* **AIM OF THE TASK**: After locating the line with "新浦安駅とつながったような入" below, output it and each following line exactly, stopping after the line with "توضیحات: 850 کارتن". No pictures.

Records excerpted from a collection:
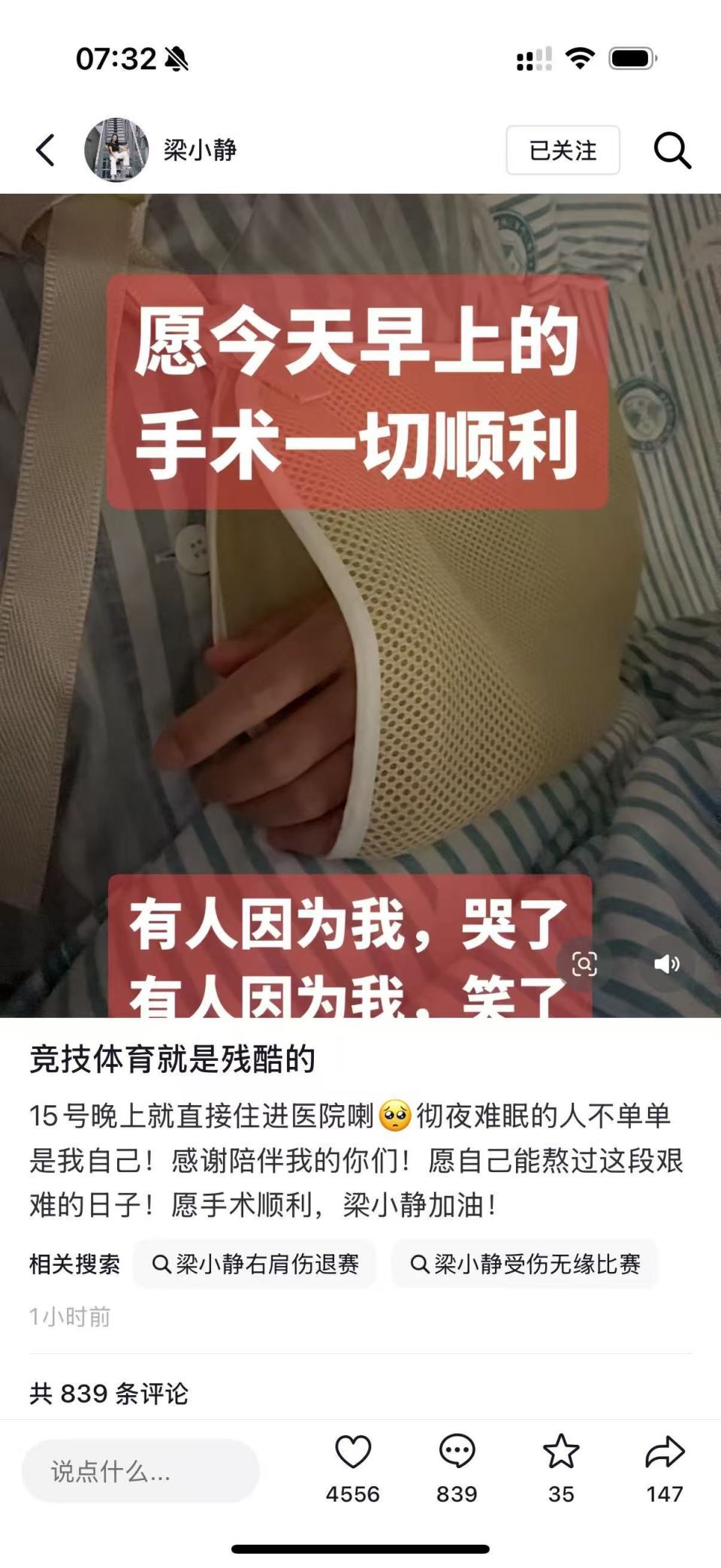 在最新的社媒内容里,梁小静还写道:“有人因为我,哭了;有人因为我,笑了。”她还写了一行字,“竞技体育就是残酷的”,还标了粗体,其中的滋味令人感慨万千。梁小静也因此退出了本届全运会,随后的比赛。
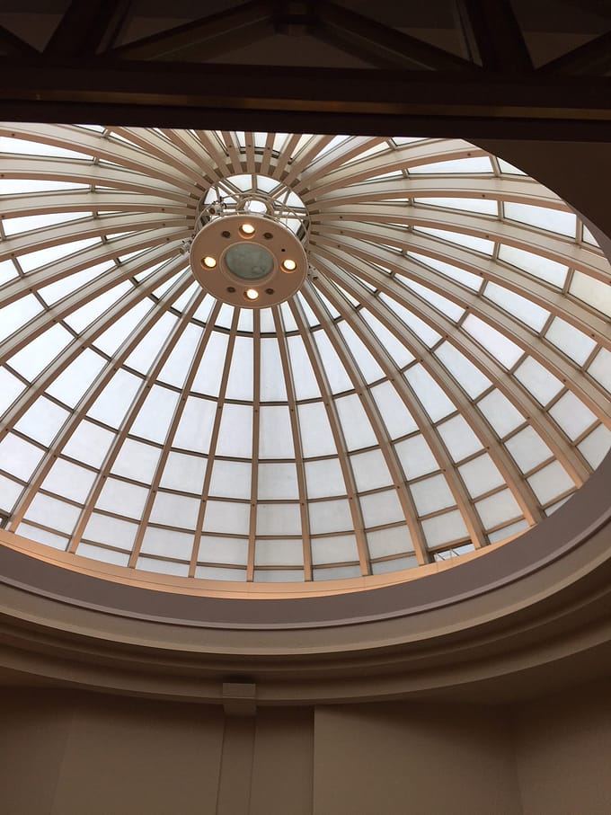新浦安駅とつながったような入口で、そのまま2階からホテルに入ります。ドーム型の天井と、すぐ下に広々した豪華なラウンジが見えます。
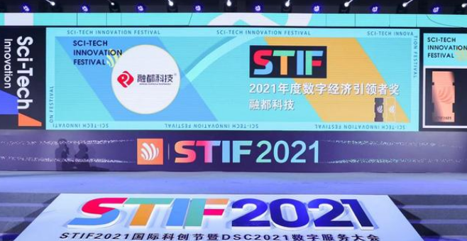 融都科技受邀参会,同时经组委会提名推荐、评委会审议,凭借前沿的技术、优秀的数字经济场景解决方案能力、良好的社会评价及企业影响力,获评“2021年度数字经济引领者奖”,董事长冯科获评“2021年度数字化推动力人物”。
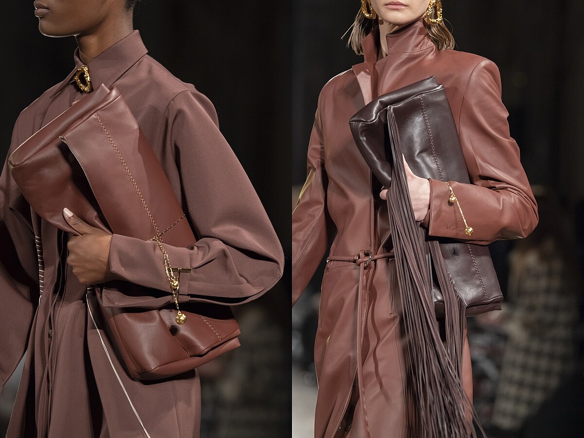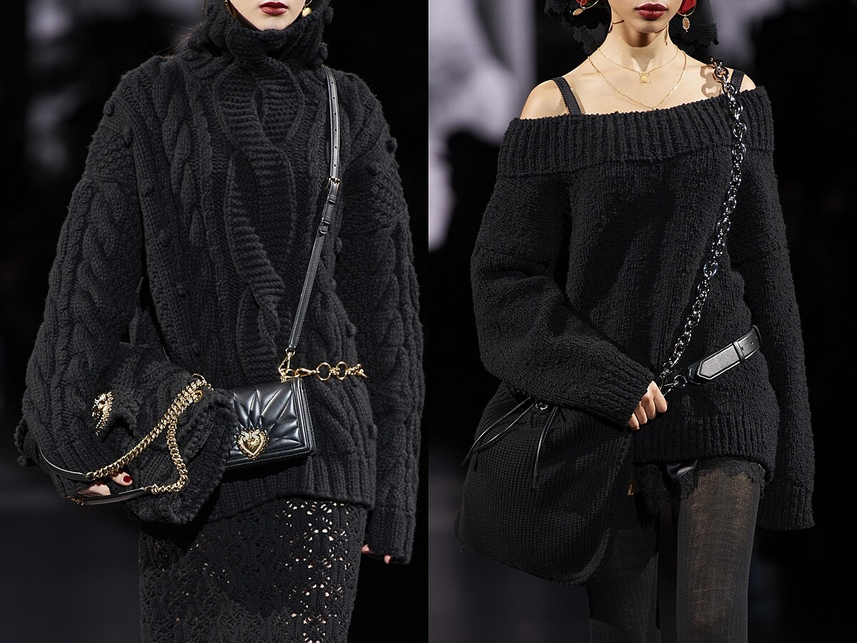 秋冬秀場出現許多粗針織材質,也採用到配件上,大型的翻蓋包亦或者腰包與水桶包等,均採用毛線材質。呼應秋冬所需要的溫暖風格,肯定會讓女人們愛不釋手,同時也有加上腰鍊能變成腰鍊毛線包的完美組合。
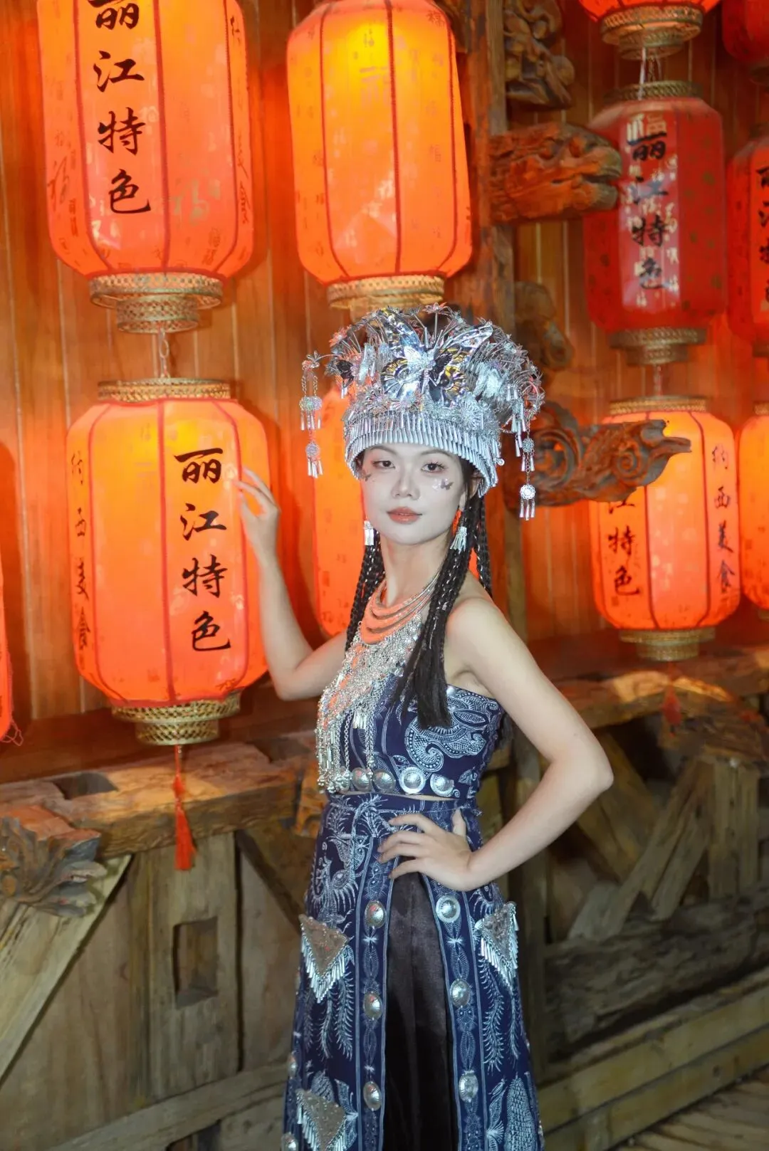 最先来到的是挂了一排红灯笼的地方,脚下是丽江特色石板路;摄影师指导我非常端庄的站在那里,2分钟不到拍好了。
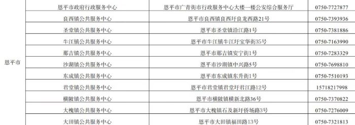 江门恩平市户政业务受理点地址和咨询服务电话
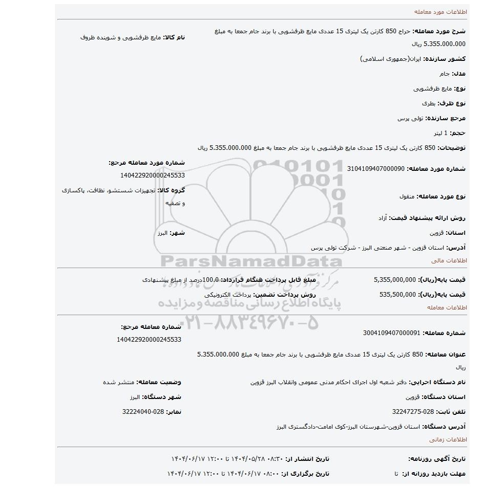 توضیحات: 850 کارتن یک لیتری 15 عددی مایع ظرفشویی با برند جام جمعا به مبلغ 5.355.000.000 ریال | ||
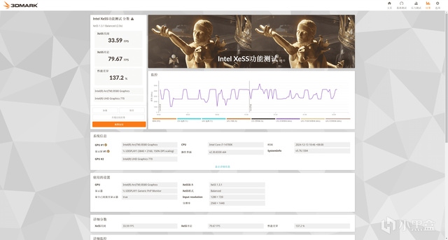 咱们实测使用3Dmark里面的Intel XeSS功能测试:关闭XeSS,帧数为33.59,开启XeSS帧数为79.67帧,性能相差137%,性能提升到2倍还多!
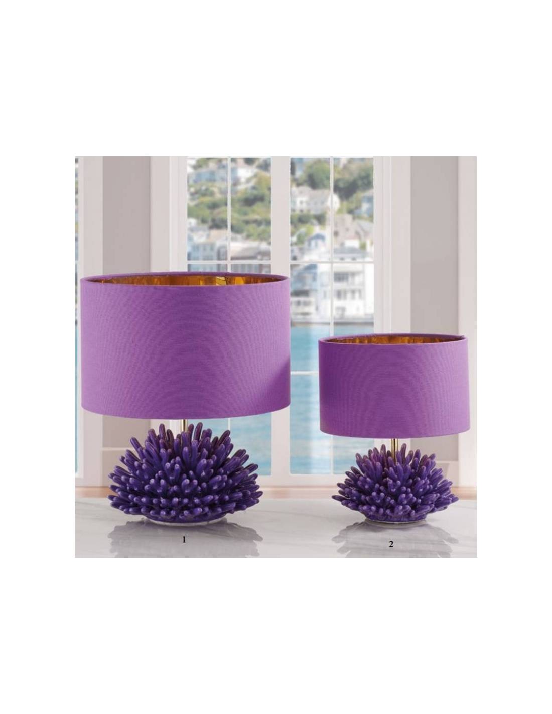 Bomboniere raffinate ed eleganti lumi a led decoro tema mare corallo viola in ceramica Capodimonte e paralume in stoffa con rifinitura interna dorata.

* **SOLUTION**:
新浦安駅とつながったような入口で、そのまま2階からホテルに入ります。ドーム型の天井と、すぐ下に広々した豪華なラウンジが見えます。
 融都科技受邀参会,同时经组委会提名推荐、评委会审议,凭借前沿的技术、优秀的数字经济场景解决方案能力、良好的社会评价及企业影响力,获评“2021年度数字经济引领者奖”,董事长冯科获评“2021年度数字化推动力人物”。
 秋冬秀場出現許多粗針織材質,也採用到配件上,大型的翻蓋包亦或者腰包與水桶包等,均採用毛線材質。呼應秋冬所需要的溫暖風格,肯定會讓女人們愛不釋手,同時也有加上腰鍊能變成腰鍊毛線包的完美組合。
 最先来到的是挂了一排红灯笼的地方,脚下是丽江特色石板路;摄影师指导我非常端庄的站在那里,2分钟不到拍好了。
 江门恩平市户政业务受理点地址和咨询服务电话
 توضیحات: 850 کارتن یک لیتری 15 عددی مایع ظرفشویی با برند جام جمعا به مبلغ 5.355.000.000 ریال | ||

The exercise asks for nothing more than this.